Ching M H, Kaur P, Karkaria C E, Steiner R F, Rosen B P
Department of Biochemistry, Wayne State University, School of Medicine, Detroit, Michigan 48201.
J Biol Chem. 1991 Feb 5;266(4):2327-32.
The ArsA protein, the catalytic component of the plasmid-encoded resistance system for removal of the toxic oxyanions arsenite, antimonite, and arsenate from bacterial cells, catalyzes oxyanion-stimulated ATP hydrolysis. Three lines of evidence suggest that the ArsA protein functions as a homodimer. First, the ArsA protein was modified with 5'-p-fluorosulfonyl-benzoyladenosine (FSBA). Antimonite potentiated FSBA inhibition, while ATP or ADP afforded partial protection. ATP and antimonite together provided complete protection, indicating interaction of the anion- and nucleotide-binding sites. The estimated Ki values for FSBA were 0.4 mM in the absence of antimonite and 0.1 mM in the presence of antimonite, suggesting that the binding of antimonite increased the affinity of ArsA protein for FSBA. Incorporation of [14C]FSBA was examined. Extrapolation of the amount of FSBA required to inactivate the protein indicated that 1 mol of FSBA was sufficient to inhibit the activity of 1 mol of ArsA protein in the absence of substrates, while only 0.5 mol was required in the presence of the anionic substrate antimonite. Second, chemical cross-linking of the 63-kDa ArsA protein with N-ethoxycarbonyl-2-ethoxy-1,2-dihydroquinoline resulted in formation of a species approximately twice the size of the monomer in the presence of antimonite but not ATP. Third, determination of the average mass of the ArsA protein in solution by light scattering demonstrated that the average species was 66 kDa in the absence of substrates. In the presence of antimonite the weight average molecular mass increased to a mass in excess of 100 kDa. These results are consistent with the ArsA protein existing in an equilibrium between monomer and dimer, with the equilibrium favoring dimerization upon binding of the anionic substrate. Moreover, total loss of ATPase activity in the half-modified enzyme suggests that the catalytic sites on each monomer must interact.

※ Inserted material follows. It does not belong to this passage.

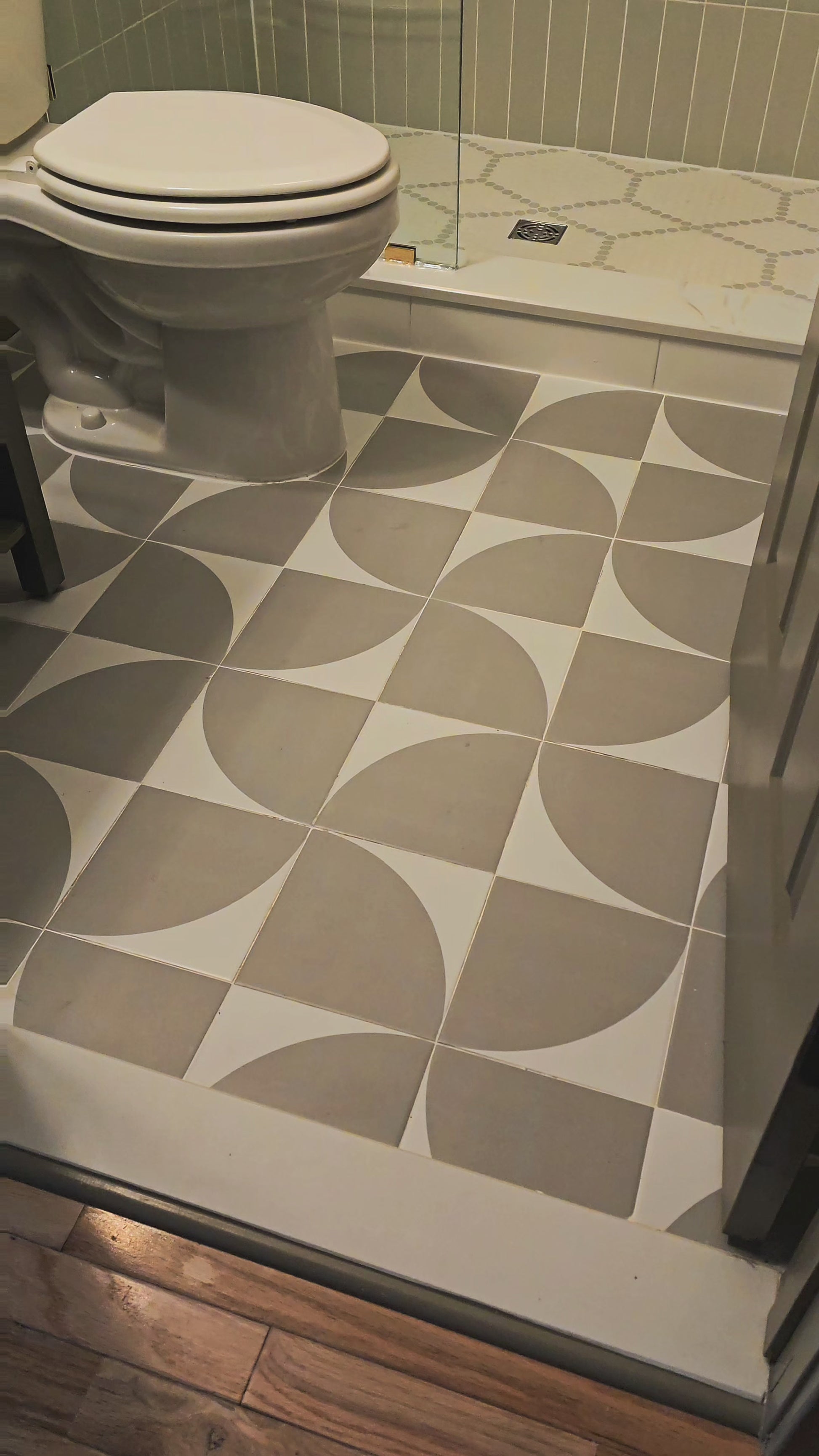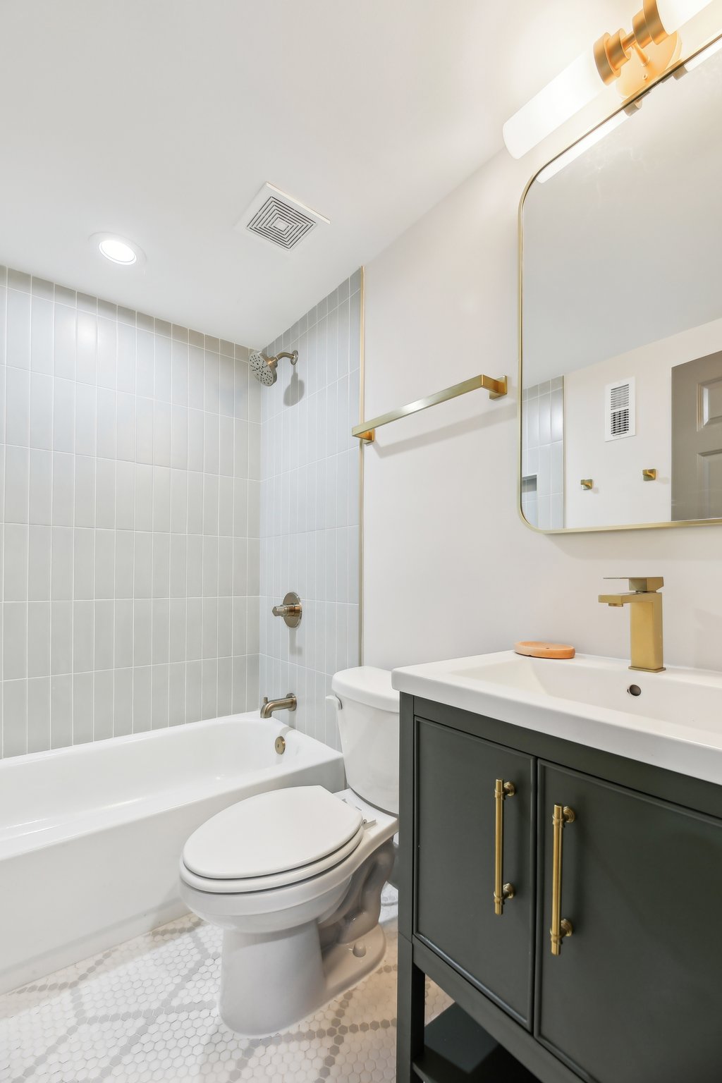 ✨️ The bathrooms? Oh, they’re like the life of the party—vibey mixes of green and gold that are a little bold but never too much. It's the perfect balance of calm with a pop of personality! The bathrooms stay in the same family with matching vanities and wall tiles, but the floors have a bit of fun, with the same color scheme in different patterns. And the powder room? It’s like that friend who’s always low-key but still has the best taste—neutral with a white vanity and gold accents. Totally non-confrontational, but still manages to make a statement!

ArsA蛋白是质粒编码的抗性系统的催化成分,该系统用于从细菌细胞中去除有毒的氧阴离子亚砷酸盐、亚锑酸盐和砷酸盐,它催化氧阴离子刺激的ATP水解。有三条证据表明ArsA蛋白以同型二聚体的形式发挥作用。首先,用5'-对氟磺酰基苯甲酰腺苷(FSBA)修饰ArsA蛋白。亚锑酸盐增强了FSBA的抑制作用,而ATP或ADP提供了部分保护。ATP和亚锑酸盐共同提供了完全保护,表明阴离子结合位点和核苷酸结合位点之间存在相互作用。在不存在亚锑酸盐的情况下,FSBA的估计Ki值为0.4 mM,在存在亚锑酸盐的情况下为0.1 mM,这表明亚锑酸盐的结合增加了ArsA蛋白对FSBA的亲和力。检测了[14C]FSBA的掺入情况。外推使蛋白失活所需的FSBA量表明,在没有底物的情况下,1摩尔FSBA足以抑制1摩尔ArsA蛋白的活性,而在存在阴离子底物亚锑酸盐的情况下,仅需0.5摩尔。其次,63 kDa的ArsA蛋白与N-乙氧基羰基-2-乙氧基-1,2-二氢喹啉进行化学交联,在存在亚锑酸盐而不是ATP的情况下,形成了一种大小约为单体两倍的物质。第三,通过光散射测定溶液中ArsA蛋白的平均质量,结果表明在没有底物的情况下,平均物质为66 kDa。在存在亚锑酸盐的情况下,重均分子量增加到超过100 kDa。这些结果与ArsA蛋白以单体和二聚体之间的平衡形式存在一致,该平衡在阴离子底物结合时有利于二聚化。此外,半修饰酶中ATPase活性的完全丧失表明每个单体上的催化位点必须相互作用。